### Work request
Look through the listing below for the line containing "work : 11345". Copy it and each line after it up to and including the line containing "В автотрансформаторных режимах", exactly, leaving out pictures.

### Data under study
┄┄┄┄┄┄┄┄┄┄┄┄┄┄┄┄┄┄┄┄
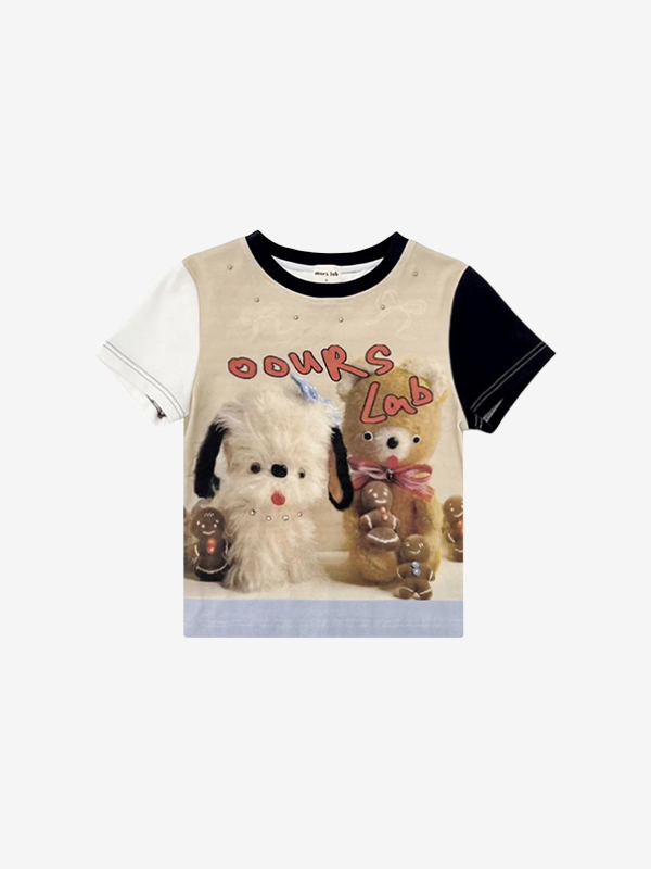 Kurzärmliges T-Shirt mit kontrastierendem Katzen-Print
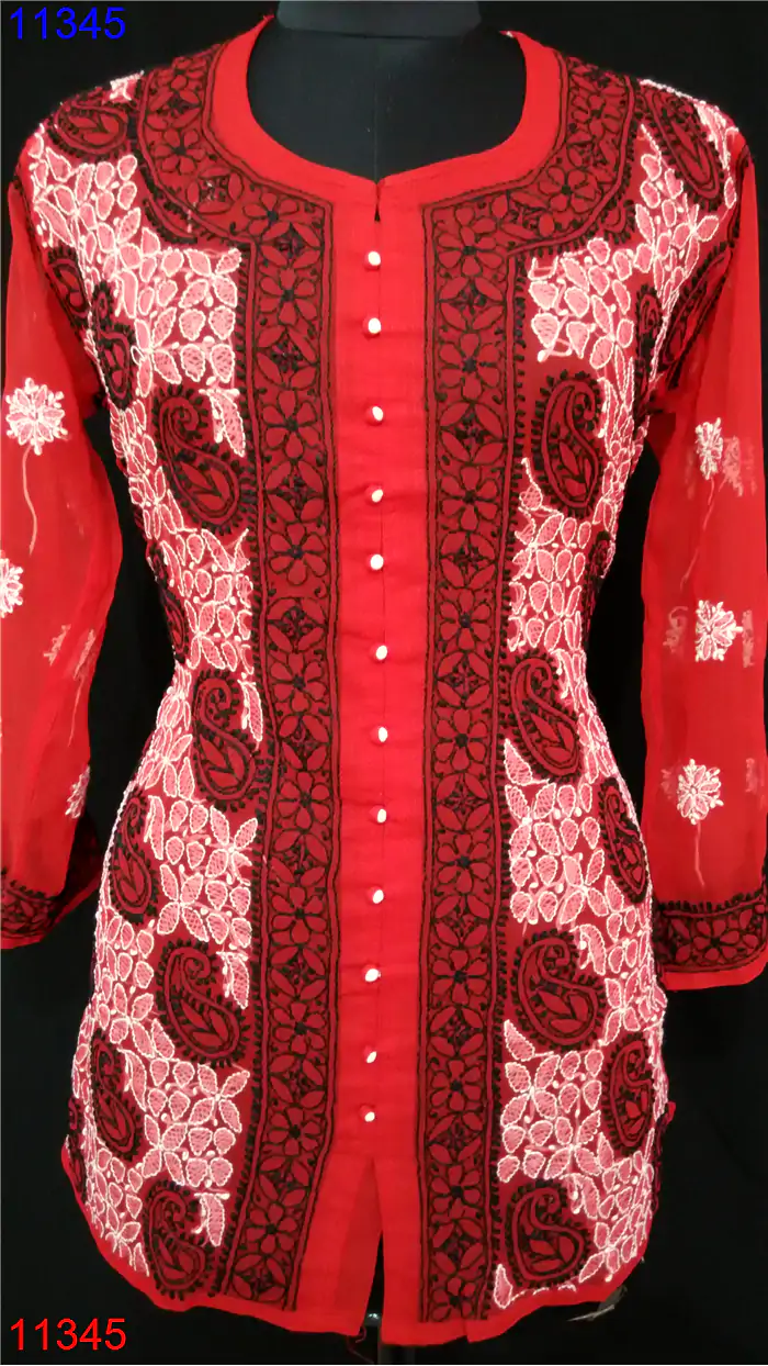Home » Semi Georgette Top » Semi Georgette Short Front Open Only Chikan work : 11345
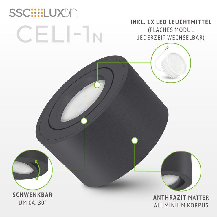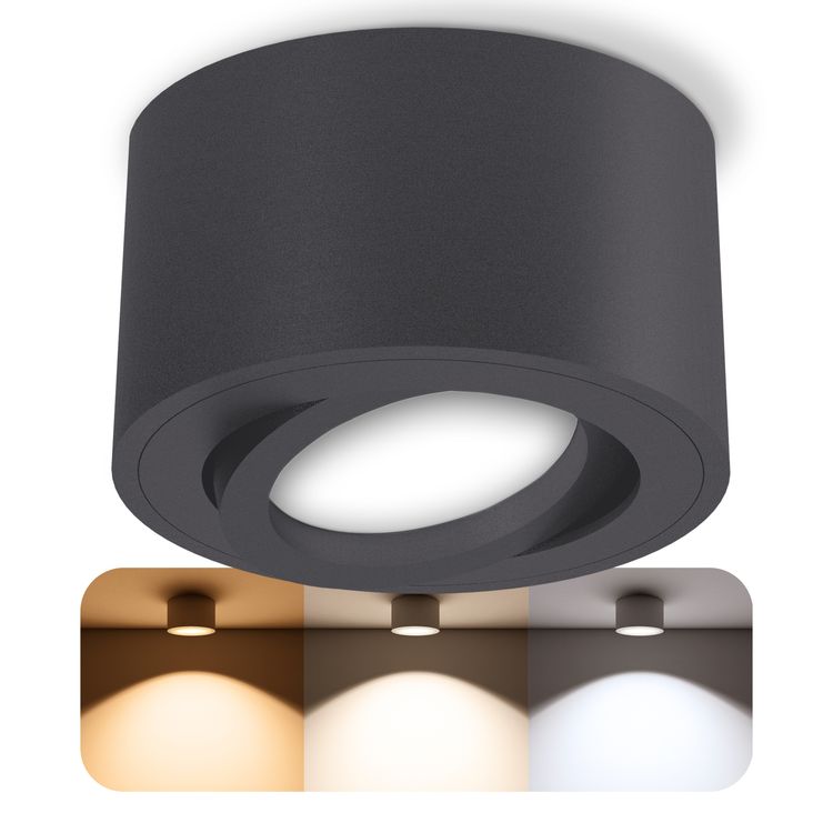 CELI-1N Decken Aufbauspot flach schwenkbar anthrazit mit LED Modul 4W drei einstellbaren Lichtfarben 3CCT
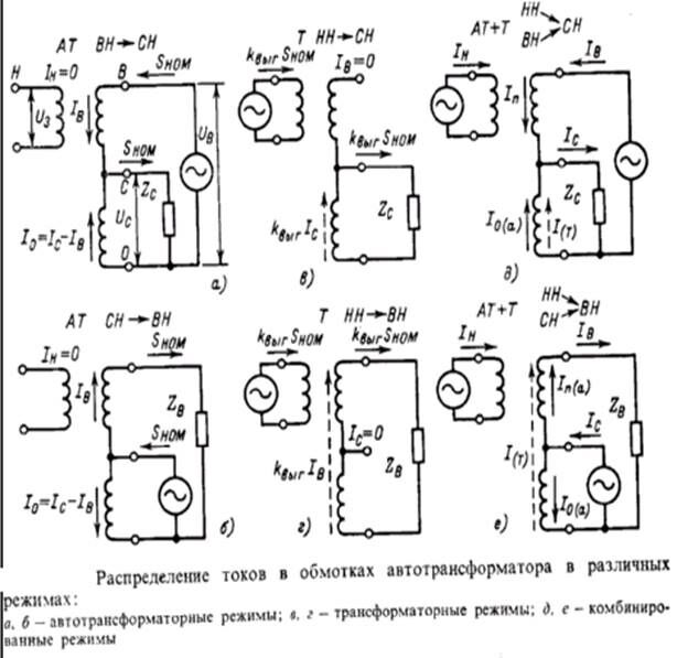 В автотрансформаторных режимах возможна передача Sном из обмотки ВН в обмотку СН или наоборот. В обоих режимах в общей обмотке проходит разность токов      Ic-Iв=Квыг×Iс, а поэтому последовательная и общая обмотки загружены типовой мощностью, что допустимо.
┄┄┄┄┄┄┄┄┄┄┄┄┄┄┄┄┄┄┄┄
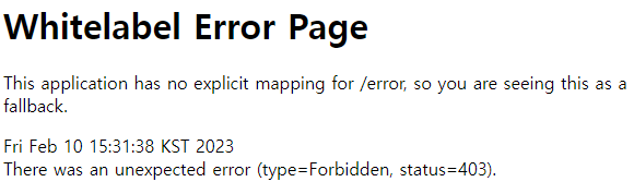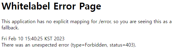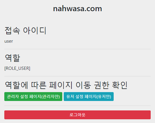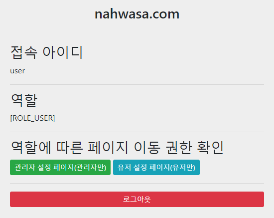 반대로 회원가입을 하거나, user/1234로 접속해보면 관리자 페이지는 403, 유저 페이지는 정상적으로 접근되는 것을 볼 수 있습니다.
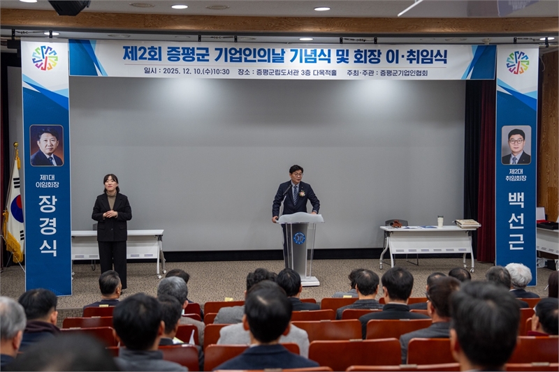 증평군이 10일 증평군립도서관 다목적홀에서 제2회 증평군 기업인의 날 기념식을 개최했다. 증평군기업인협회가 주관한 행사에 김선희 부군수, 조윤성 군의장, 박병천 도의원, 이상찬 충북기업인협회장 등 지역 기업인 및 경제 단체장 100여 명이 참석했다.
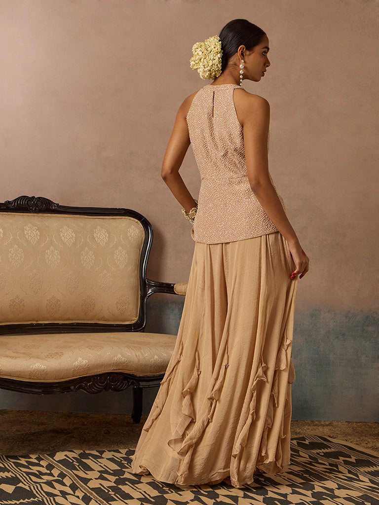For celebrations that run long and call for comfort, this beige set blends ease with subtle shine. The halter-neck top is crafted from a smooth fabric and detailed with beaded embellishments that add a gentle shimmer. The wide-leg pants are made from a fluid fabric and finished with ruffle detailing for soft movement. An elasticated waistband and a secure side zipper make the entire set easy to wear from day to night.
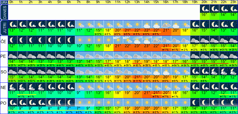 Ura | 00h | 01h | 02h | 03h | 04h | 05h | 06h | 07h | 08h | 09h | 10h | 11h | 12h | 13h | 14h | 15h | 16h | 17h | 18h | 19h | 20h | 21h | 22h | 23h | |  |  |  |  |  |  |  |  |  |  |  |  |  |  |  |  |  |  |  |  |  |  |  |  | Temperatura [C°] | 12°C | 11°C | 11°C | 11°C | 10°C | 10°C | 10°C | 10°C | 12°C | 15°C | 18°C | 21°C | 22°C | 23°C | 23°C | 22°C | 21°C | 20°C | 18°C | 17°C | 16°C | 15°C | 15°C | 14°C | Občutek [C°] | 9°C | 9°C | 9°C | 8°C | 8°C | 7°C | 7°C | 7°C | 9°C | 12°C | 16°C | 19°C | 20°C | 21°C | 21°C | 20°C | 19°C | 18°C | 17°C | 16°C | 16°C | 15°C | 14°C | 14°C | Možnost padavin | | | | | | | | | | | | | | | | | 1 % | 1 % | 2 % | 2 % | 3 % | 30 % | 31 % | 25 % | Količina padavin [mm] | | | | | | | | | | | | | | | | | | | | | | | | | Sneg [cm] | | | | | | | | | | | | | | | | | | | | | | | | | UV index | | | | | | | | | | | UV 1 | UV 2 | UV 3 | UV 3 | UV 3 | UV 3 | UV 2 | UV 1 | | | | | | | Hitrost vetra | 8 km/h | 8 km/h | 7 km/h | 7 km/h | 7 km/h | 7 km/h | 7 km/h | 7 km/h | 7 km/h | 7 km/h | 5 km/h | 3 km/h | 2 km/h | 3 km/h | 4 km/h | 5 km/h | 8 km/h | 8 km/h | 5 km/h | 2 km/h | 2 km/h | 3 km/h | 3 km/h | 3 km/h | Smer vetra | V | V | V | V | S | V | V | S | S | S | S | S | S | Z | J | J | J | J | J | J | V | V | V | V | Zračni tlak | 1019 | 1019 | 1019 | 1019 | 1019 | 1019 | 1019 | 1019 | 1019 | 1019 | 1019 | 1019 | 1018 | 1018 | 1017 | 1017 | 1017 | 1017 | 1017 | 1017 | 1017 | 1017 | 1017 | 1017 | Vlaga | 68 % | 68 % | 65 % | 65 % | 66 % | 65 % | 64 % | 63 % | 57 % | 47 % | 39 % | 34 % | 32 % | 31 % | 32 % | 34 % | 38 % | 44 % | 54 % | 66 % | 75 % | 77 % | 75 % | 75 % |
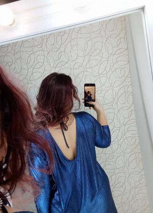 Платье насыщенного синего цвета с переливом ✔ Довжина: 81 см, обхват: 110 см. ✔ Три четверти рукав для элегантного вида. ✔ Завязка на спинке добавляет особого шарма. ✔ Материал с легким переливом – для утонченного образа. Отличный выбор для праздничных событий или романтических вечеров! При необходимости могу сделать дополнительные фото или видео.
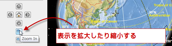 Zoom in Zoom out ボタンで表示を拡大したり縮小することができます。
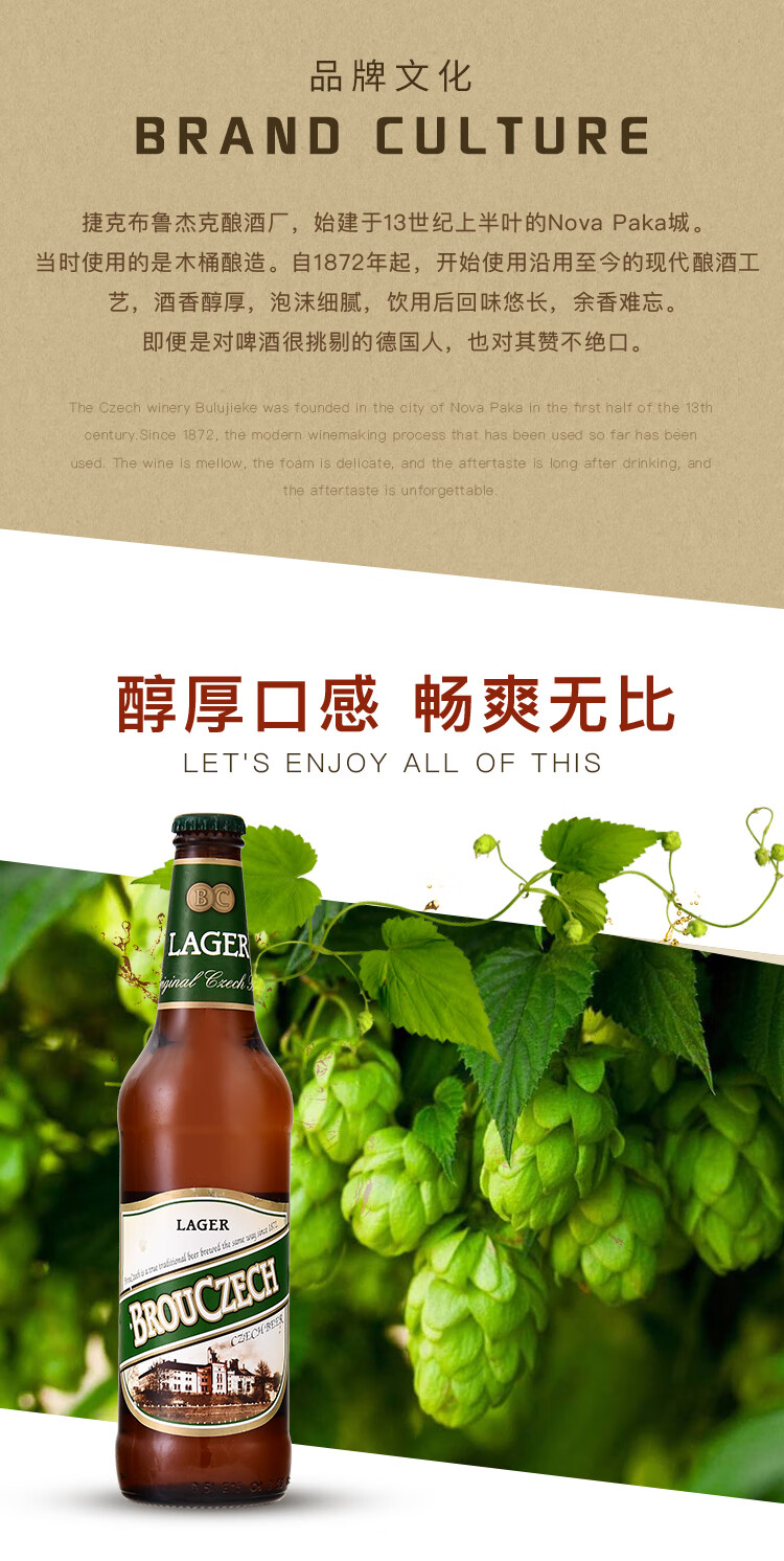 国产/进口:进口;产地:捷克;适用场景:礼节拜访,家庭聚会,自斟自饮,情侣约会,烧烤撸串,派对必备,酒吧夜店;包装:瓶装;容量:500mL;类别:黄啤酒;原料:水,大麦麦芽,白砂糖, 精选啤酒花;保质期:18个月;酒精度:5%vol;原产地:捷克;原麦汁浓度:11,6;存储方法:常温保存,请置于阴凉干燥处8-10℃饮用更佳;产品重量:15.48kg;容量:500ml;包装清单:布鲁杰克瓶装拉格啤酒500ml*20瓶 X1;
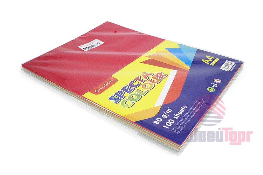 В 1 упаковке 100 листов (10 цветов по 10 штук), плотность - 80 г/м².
┄┄┄┄┄┄┄┄┄┄┄┄┄┄┄┄┄┄┄┄
### Written answer
Home » Semi Georgette Top » Semi Georgette Short Front Open Only Chikan work : 11345
 CELI-1N Decken Aufbauspot flach schwenkbar anthrazit mit LED Modul 4W drei einstellbaren Lichtfarben 3CCT
 В автотрансформаторных режимах возможна передача Sном из обмотки ВН в обмотку СН или наоборот. В обоих режимах в общей обмотке проходит разность токов      Ic-Iв=Квыг×Iс, а поэтому последовательная и общая обмотки загружены типовой мощностью, что допустимо.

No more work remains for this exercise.